The 5 Biggest Myths About Jumping Higher

Myth #1: All you need to do to increase your verticality is lift weights.
While lifting weights and gaining strength is the fastest way for some people to gain inches off their vertical, it’s not the best way for everyone. Remember, jumping is strength as much as speed, if someone has all the strength to have a massive vertical but can’t fire all their muscles fast enough, lifting weights is not going to be the best way to increase their vertical. Also, a program to increase your vertical should include many other aspects, check out The Jump Manual for a complete multi-faceted guide to jumping higher.

Myth #2: How high you can jump depends on genetics or race.
This is one that floats around a lot, but it’s just not true.
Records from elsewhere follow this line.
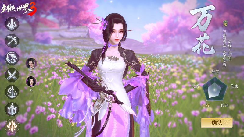 天下笔武,行云流水!《剑侠世界3》第七大门派“万花”今日正式登场。作为全新木系门派,万花主张以笔为武,水墨晕开间,既有翰墨文人风雅之姿,亦有笔武撼江湖的畅意潇洒。同时技能主张以莲为形,具有怒幽双形态,在战斗中既可为队友提供治疗,清除负面状态,亦可怒叠莲花印记,释放高爆发伤害。真可谓是攻守兼备,相信当万花加入团队,定能带给诸位少侠全新战斗体验!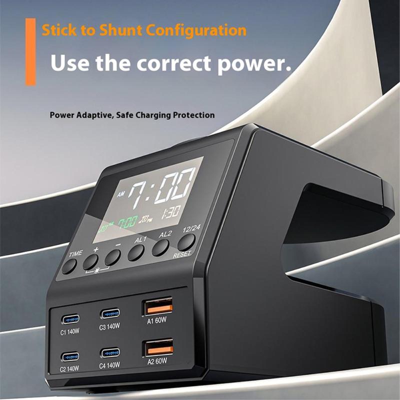 Equipada con cuatro puertos Tipo-C (cada uno soporta hasta 140 W) y dos puertos USB-A (hasta 60 W), esta estación alimenta fácilmente seis dispositivos al mismo tiempo. Desde portátiles y tabletas hasta wearables y accesorios, cada puerto está diseñado para ofrecer el máximo rendimiento y distribución de energía.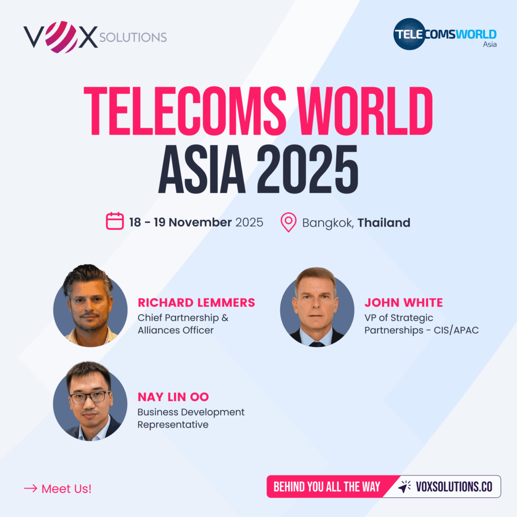We’re excited to announce that Vox Solutions will be participating in Telecoms World Asia 2025, taking place 18–19 November 2025 at Centara Grand & Bangkok Convention Centre at CentralWorld, Bangkok.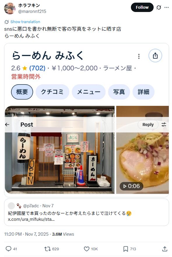 - 「らーめん みふく」が客の写真を無断晒し?とSNSで炎上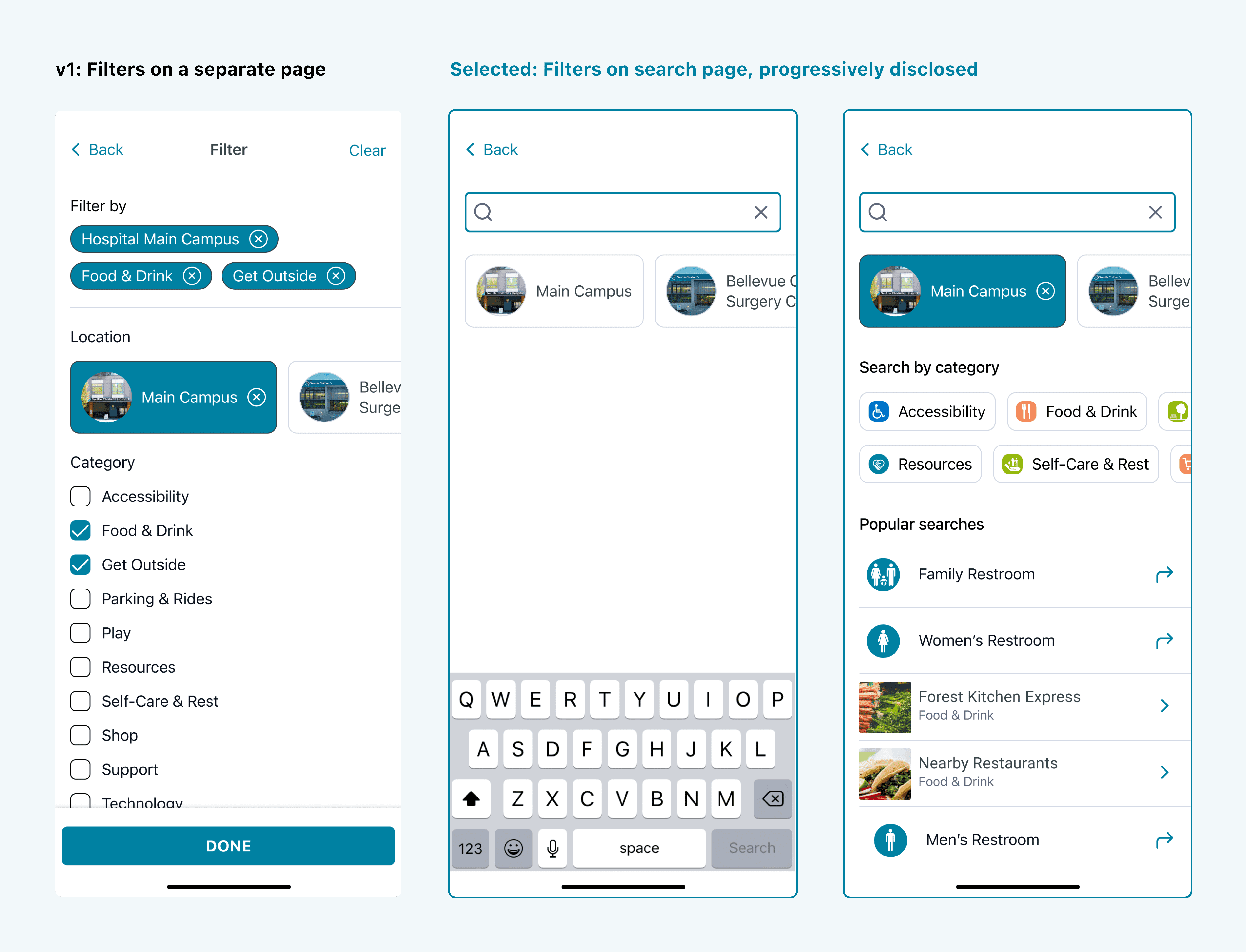 In moments of decision paralysis, I focused on articulating tradeoffs of each solution and keeping our North Star (helping users discover hospital resources) in mind. This process made me a lot more confident in my recommendations to the team, and allowed me to gather feedback for more iterations!

Although genetics or race may give some people a greater advantage in natural ability, always remember that through hard work it is possible to make up for what you lack at first. Don’t underestimate yourself by assuming you have a low ceiling, try to be YOUR best.

Myth #3: There is a miracle system that works for everyone.
There are many guides to increase your vertical with an exercise or a program that is said to work for everyone. It’s important to remember that increasing your vertical is based on different factors for different people. Programs like The Jump Manual provide a completely personalized approach to making a profit.

Myth #4: You need to exercise 3 hours a day to make gains.
It’s important to give your body time to recover after a workout and to make your workouts as intense as possible. If you try to run a program too fast and exercise too much, you risk injuring yourself or wearing yourself out, which will hurt your future gains.

Myth #5: Vertical jump training will only increase your vertical.
A good vertical jump training program will not only help you increase your vertical, but it will also help you with many other aspects of sports performance. Vertical jump training will make you faster, more balanced and also more confident in your athleticism. The weight lifting and plyometric exercises common to vertical jumping programs are very useful for any sport and if you can stick to a program you will see gains.